Alphabetic characters may be either upper or lower case.

An "H" may follow the hex address.



* SAMPLE SESSION *

The external command CHKDSK.COM will serve as an example for
this sample session because it is short. The .SEQ file is also
short and easy to generate. Only these few instructions are
needed.


0100 /T ;include object code as comments in .ASM file
0100 /E ;simpler output without references
04F7H S ;messages
04F7H /H ;append "H" to numeric values

Using DEBUG, browse through CHKDSK.COM to see how this was
arrived at. Usually, but not always, the best procedure is to
assume code. If the code appears unintelligible, display it in
hex/ASCII. If it is not text, assume bytes. Label positions in
the first disassembly may indicate that some locations should be
words. Next, generate the .ASM file by typing

ASMGEN CHKDSK.COM
A

The assembly code can be viewed on the screen. Then type

A CHKDSK.ASM

to save the assembly source code to a file. Then,

R CHKDSK.TBL

to save the cross-reference table to disk.

The Macro Assembler, Link.exe and Exe2bin could now be used to
assemble CHKDSK.ASM, link it to .EXE and convert it to a .COM
file. No modification should be necessary in this case.

If working with code that is to be modified, the symbol types
must be correctly specified as locations or as constants. If
they are constants, place them outside of any segment. The label
names may then be changed to make the code more readable.


There are several disassembly issues and errors that must be corrected.

1.) put the PAGE directive "PAGE 56,132" on a line near the top of
the .ASM listing.

2.) With the /H switch set, the number 0FFFF is not always provided
with an "H" suffix. It must be corrected by hand.

2a.) With the /H switch set, the immediate operand value generated
with the D command will need to be patched with an H suffix.

3.) .SYS type device driver files start at 0000, and need an ASSUME
directive. They also need a "0000 I" line to start disassembly
at 0000H. Two pointers to executable code are at 0006 and 0008.

4.) Override operators BYTE PTR or WORD PTR are sometimes needed.

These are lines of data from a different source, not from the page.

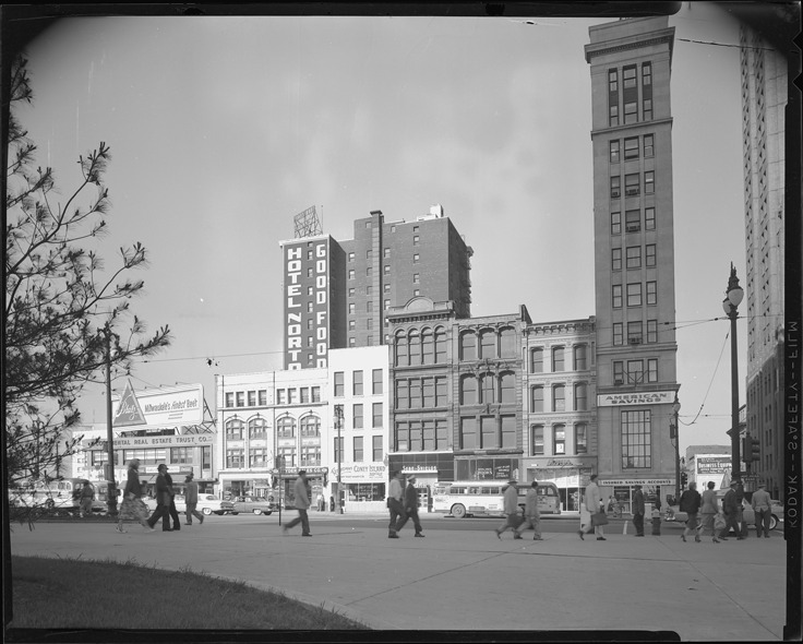 View of commercial buildings on Woodward Ave. Businesses include Continental Real Estate Trust Co., Rendezvous Coney Island, Sebe Shields and American Savings. Pedestrians on sidewalk in foreground; Hotel Norton and billboard advertising Blatz beer in background.
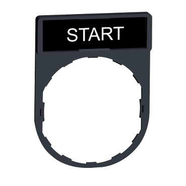 Il portaetichetta Harmony di Schneider Electric ha uno sfondo nero. È compatibile con Harmony XB4, XB5 e XB7 ed è contrassegnato con la scritta "START". Questo portaetichetta permette di personalizzare l'unità di comando con un'etichetta incisa, in lineacon il progetto approvato dal cliente.
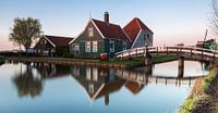 Historisch hollands huis in de Zaanse Schans bij zonsondergang. Netherland (panoramic view)Photo taken on April 16, 2018
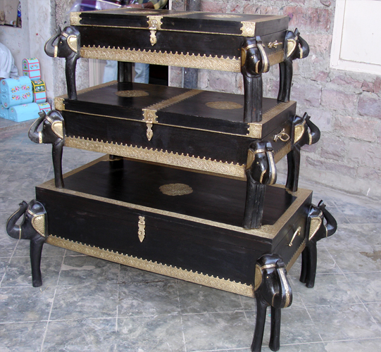 Set of three, treasure chest made out of dark rose wood, with ethnic brass borders.
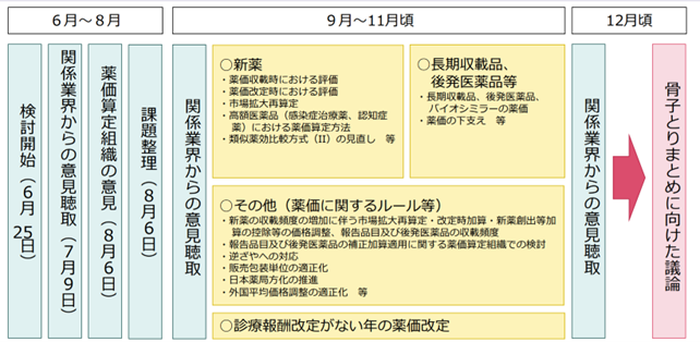 令和8年度薬価制度改革については、(1)令和7年度薬価改定及び令和6年度薬価制度改革の骨子に記載されている事項等、(2)これまでに問題提起された事項等、(3)その他薬価算定組織や関係業界から提起された事項等を踏まえて、令和7年6月から厚生労働省の中央社会保険医療協議会(中医協)の薬価専門部会・総会で議論が開始され、3回の業界意見陳述を経て、令和7年12月26日に「薬価制度改革の骨子」、令和8年1月16日に「令和8年度薬価改定に係る薬価算定基準の見直しについて」がそれぞれ了承され、令和8年2月13日に「薬価算定の基準について」が通知されました(議論の経緯は、図1参照)。その後、令和8年3月5日に薬価改正の告示がなされたところです。
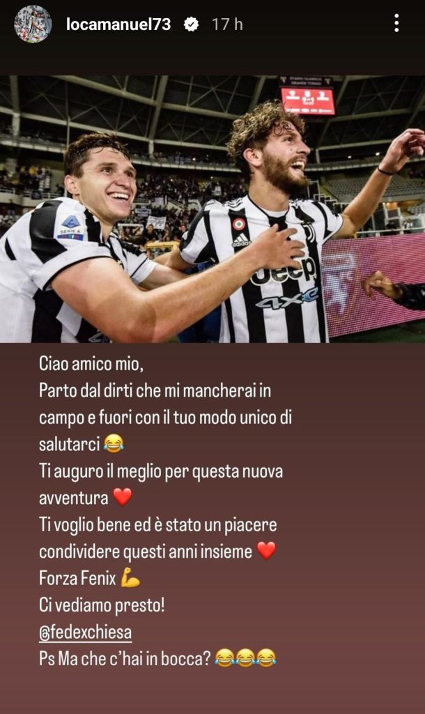 Anche Manuel Locatelli, sul proprio profilo Instagram, ha voluto salutare Federico Chiesa dopo l’ufficialità del trasferimento al Liverpool. Mi mancherai, è stato un piacere, è il messaggio del centrocampista bianconero per l’ex Juve:
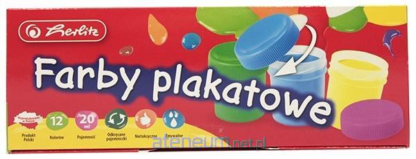 Farby plakatowe 12 kolorów, nietoksyczne, zmywalne. 12x 20ml.

5.) Most Microsoft MASM versions simply refuse to assemble certain
disassembled instructions (usually LES or LDS instructions with
an 8-bit register specified). They actually assemble the code
correctly, but doesn't like the construct and declare an assembly
error. In such cases, try using the IBM's MASM 1.00, it isn't
as fussy about assembling such questionable code.

6.) If a message 'Hex value error in /SEQ file' is displayed upon
attempting to disassemble a file, it may be necessary to add a
Ctrl-Z, End-of-file marker, at the end of the .SEQ file.